DATA IN THIS EXERCISE —

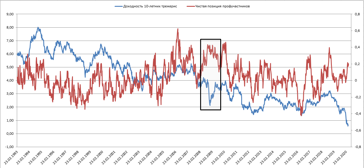 Красная линия – это чистая позиция профессиональных участников рынка, которые используют срочный рынок для переноса риска. Мы видим, что сейчас участники держат чистую длинную позицию по фьючерсам на длинные трежерис, т. е. эта ситуация соответствует ожиданиям снижения ставки. Однако динамика ставки коррелирует с показателем чистой позиции — и это означает, что хеджеры просто переносят риск, и сейчас рынок в дивергенции — так же, как это было в 2009 году, после чего, напомню, ставки выросли.
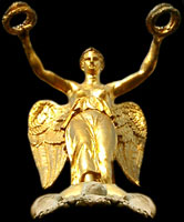 rameau d’olivier et en main gauche une couronne de laurier.
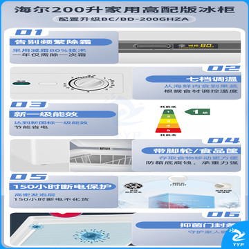海尔(Haier)冰柜家用小型200升商用大容量减霜80%无需频繁除霜一级能效节能省电冷冻速冻冷柜
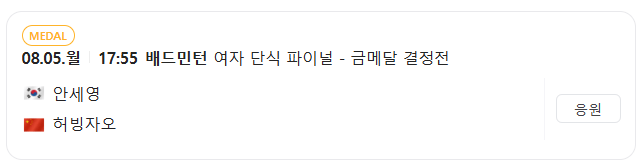 2024년 파리올림픽 배드민턴 여자 단식 결승전 경기 일정
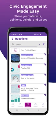 Answer Daily Policy Questions, to see how the country feels about key issues. Find your place on the political spectrum and compare your position with your representatives and those running to represent you in the future.
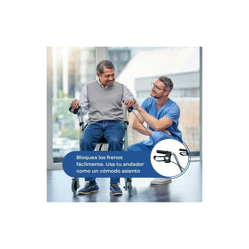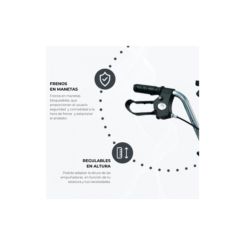 MÁS SEGURO: sus frenos, similares a los de una bicicleta, le permitirán frenar al andador con ruedas y asiento en cualquier momento. Si se necesita inmovilizar por completo el andador, hay que tirar de las manetas de los frenos hacia abajo y las ruedas quedarán bloqueadas. Para desbloquear hay que tirar de las manetas hacia arriba.
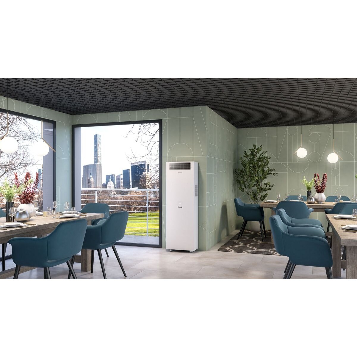 monobloková klimatizace bez venkovní jednotky, funkce Wi-Fi, vertikální design, chladicí výkon 3,1 kW, topení 2,4 kW, dotykový displej, dálkový ovladač, časovač
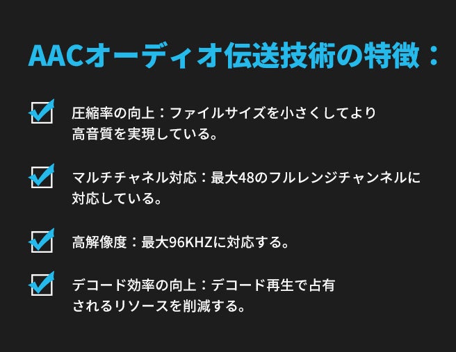 ・ 高度なAACオーディオ転送技術を採用し、高精細な音質を実現した。
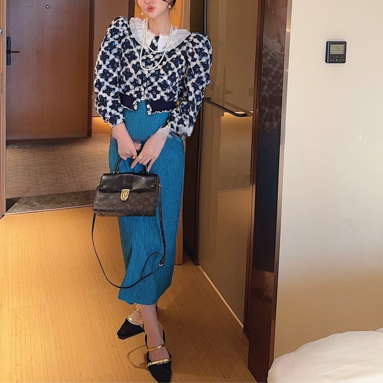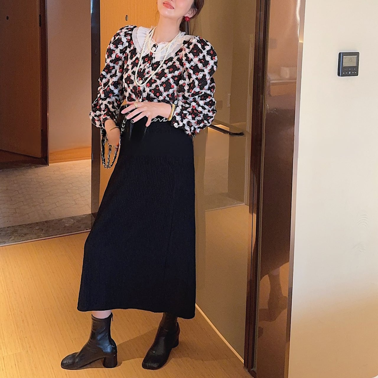 ふんわりパフ袖と短め丈でハイウエスト合わせが抜群

PROBLEM — Omit every picture, then reproduce the rest of the listing exactly.

THE ANSWER —
 Красная линия – это чистая позиция профессиональных участников рынка, которые используют срочный рынок для переноса риска. Мы видим, что сейчас участники держат чистую длинную позицию по фьючерсам на длинные трежерис, т. е. эта ситуация соответствует ожиданиям снижения ставки. Однако динамика ставки коррелирует с показателем чистой позиции — и это означает, что хеджеры просто переносят риск, и сейчас рынок в дивергенции — так же, как это было в 2009 году, после чего, напомню, ставки выросли.
 rameau d’olivier et en main gauche une couronne de laurier.
海尔(Haier)冰柜家用小型200升商用大容量减霜80%无需频繁除霜一级能效节能省电冷冻速冻冷柜
 2024년 파리올림픽 배드민턴 여자 단식 결승전 경기 일정
 Answer Daily Policy Questions, to see how the country feels about key issues. Find your place on the political spectrum and compare your position with your representatives and those running to represent you in the future.
 MÁS SEGURO: sus frenos, similares a los de una bicicleta, le permitirán frenar al andador con ruedas y asiento en cualquier momento. Si se necesita inmovilizar por completo el andador, hay que tirar de las manetas de los frenos hacia abajo y las ruedas quedarán bloqueadas. Para desbloquear hay que tirar de las manetas hacia arriba.
 monobloková klimatizace bez venkovní jednotky, funkce Wi-Fi, vertikální design, chladicí výkon 3,1 kW, topení 2,4 kW, dotykový displej, dálkový ovladač, časovač
 ・ 高度なAACオーディオ転送技術を採用し、高精細な音質を実現した。
 ふんわりパフ袖と短め丈でハイウエスト合わせが抜群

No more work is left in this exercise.